NOTW toxicity could hit News Int, say advertisers

Advertising industry bodies say that News of the World’s toxicity may have infected other News International brands, which could lead to an advertiser boycott of The Sun, The Times and The Sunday Times.


Fresh allegations have been levelled at The Sun and The Sunday Times this week, accusing the newspapers of using illegal methods to access former Prime Minister Gordon Brown’s personal information.

Ian Barber, director of communications at the Advertising Association, says it is critical for advertisers to judge News International’s crisis correctly due to the “tidal wave” of public opinion as the story unfolds.

He says: “Advertisers considering their position with News International is quite understandable.
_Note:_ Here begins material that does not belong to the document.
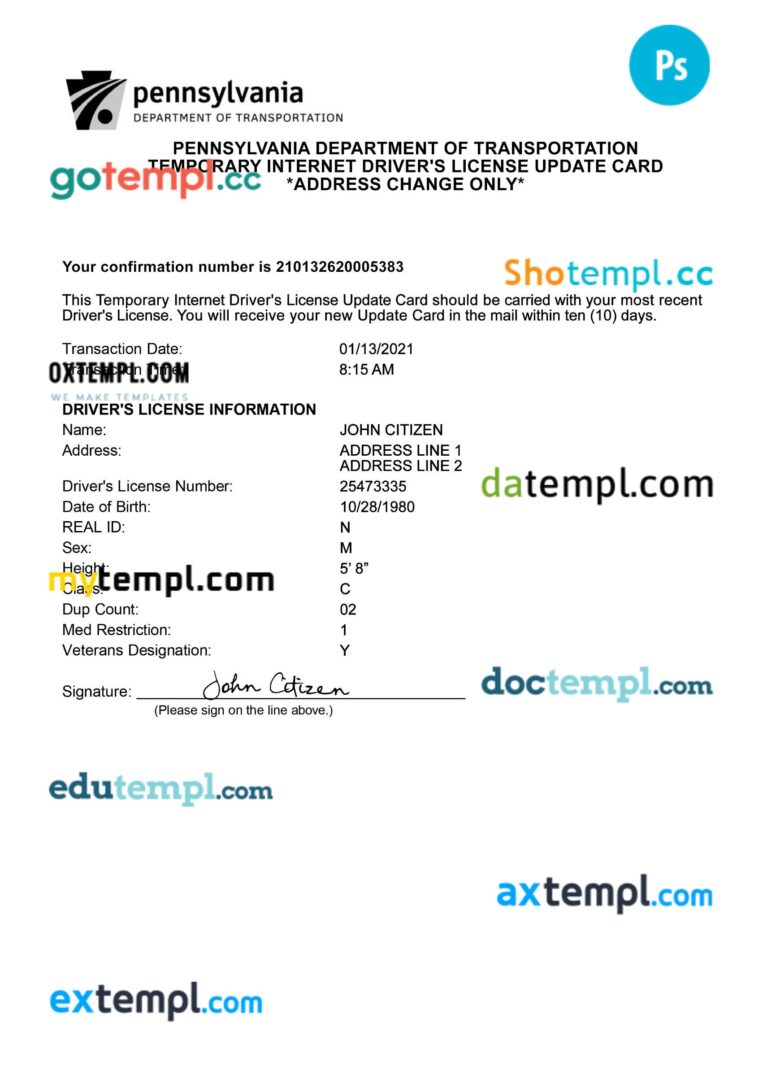 Here you see a high-quality temporary driving permit template of the State Pennsylvania.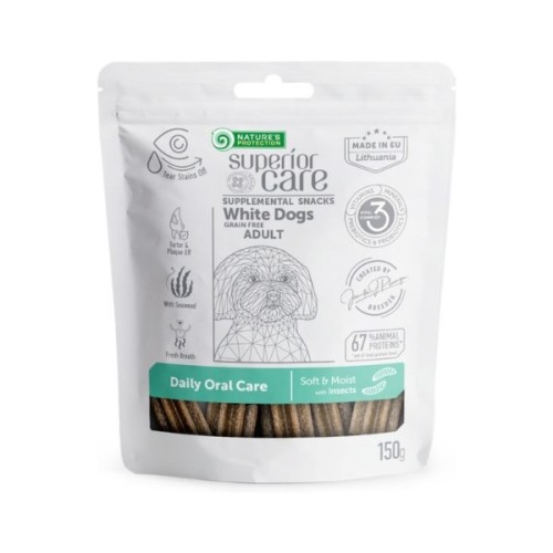 Беззернові ласощі Nature's Protection Superior Care White Dogs Grain Free Daily Oral Care – це високоякісна добавка до корму, призначенадля дорослих собак усіх порід. Це чудовий вибір, щоб показати любов до вашого улюбленця й водночас забезпечити його щоденною нормою необхідних вітамінів, мінералів, пребіотиків та пробіотиків.

With the News of the World, advertisers had to make the clear leap of responding to consumer demand [and quickly suspending ads], but it is more nuanced at News International.”

Nicola Mendelsohn, president of the IPA, says: “Advertisers have to be prepared to not underestimate the power of the crowd and plan for uncertainty as there is still anger bubbling under the surface aimed at News International.”

Renault became the first brand to say it will suspend advertising in all News International newspapers last week. Other advertisers have told Marketing Week they will continue to review their ongoing relationships with News International while police investigations are taking place.

Paul Hayes, managing director of News International Commercial, says: “We appreciate that the closure of the News of the World has had an affect on our commercial partners, and we will continue to communicate and engage with them during this difficult time. News International is considering plans for the future, and remains sensitive to the needs of our advertisers.”

It is thought News International will launch a new Sunday title to fill the gap of the now-closed News of the World, rumoured to be named the Sun on Sunday, but commentators have warned that any new title will need to be differentiated to ensure it is not just a “rebadging” exercise.